Pluto is usually the most distant planet from the
Sun but because of its elliptic
orbit Pluto crossed inside of
Neptune's orbit in 1979 and will cross back
out again in 1999. Compared to the other planets, very little is known
about Pluto.
Pluto is smaller than any other planet and even smaller than
several other planet's moons. From Pluto, the Sun is just a tiny point of
light.
Pluto is probably composed of frozen rock and ice, much like
Neptune's moon
Triton. Pluto has not yet been visited
by a spacecraft, but a
mission is being planned
for the next decade.
APOD: August 17, 1995 - Neptune: Big Blue Giant
Explanation:
This picture was taken by the
Voyager 2 spacecraft in 1986 - the only spacecraft ever to visit
Neptune.
Neptune will be the farthest planet from the
Sun until 1999, when the elliptical orbit of
Pluto will cause it to once again resume this status.
Neptune, like Uranus,
is composed mostly of liquid water, methane
and ammonia, is surrounded by a thick gas atmosphere of mostly hydrogen and
helium, and has many moons and rings.
Neptune's moon Triton is unlike any
other and has active volcanoes. The nature of
Triton's unusual orbit around
Neptune is the focus of much discussion and speculation.
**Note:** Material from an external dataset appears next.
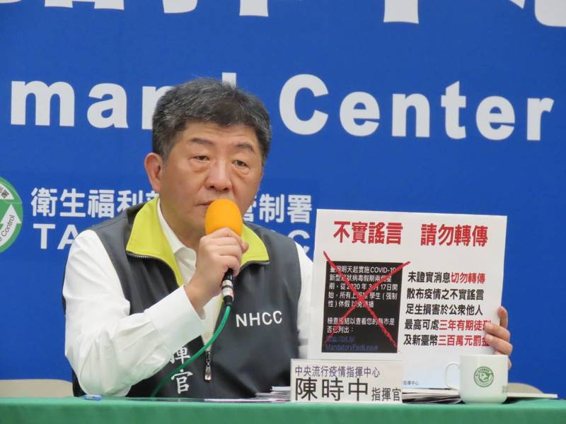 陳時中澄清,近來網路上流傳多起不實疫情資訊,例如提及「明天起實施兩個星期的假期」,他重申,轉傳不實訊息者將處以3年以下有期徒刑、拘役或最高300萬元罰金,民眾務必不要轉貼。陳宗彥也建議,若民眾對訊息有疑問,那就不要再傳。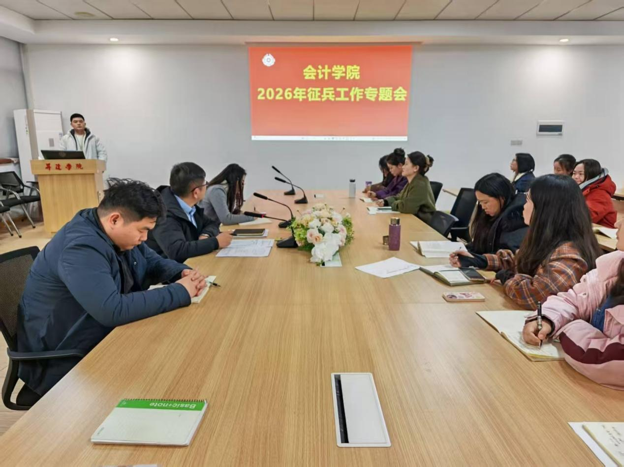 为积极响应国家征兵号召,扎实做好会计学院2026年上半年征兵工作,鼓励毕业生踊跃报名参军,12月23日下午,会计学院组织开展了2026年征兵工作专题会,会计学院党委副书记陈刚、征兵专员路飞龙老师及会计学院全体辅导员参加了本次专题会。

APOD: August 14, 1995 - Mercury: Closest Planet to the Sun
Explanation:
This picture was compiled from images
taken by the NASA spacecraft Mariner 10 which flew by the
planet three times in 1974.
Mercury is the closest planet to the
Sun, the
second hottest planet (Venus
gets hotter), and the second smallest planet (Pluto is smaller).
Mercury rotates so slowly that one day there - "day" meaning the
normal time it takes from sunset to sunset - lasts 176 days on
Earth. It is
difficult to see
Mercury not because it is dim but because it always
appears near the Sun, and is therefore only visible for a short time just
after sunset or just before sunrise. Mercury is made of rocky material
like Earth. No one knows why Mercury has the magnetic field that it does.
APOD: June 29, 1995 - The Earth-Moon System
Explanation:
A double planet? From 4 million miles away on December 16, 1992, NASA's
robot spacecraft
Galileo
took this picture of the Earth-moon system. The bright,
sunlit half of the Earth contrasts strongly with the darker subdued
colors of the moon.
Our moon is one of the largest moons in the solar system. It is
even larger than the planet Pluto. In this picture,
the Earth-moon system actually appears to be a double planet.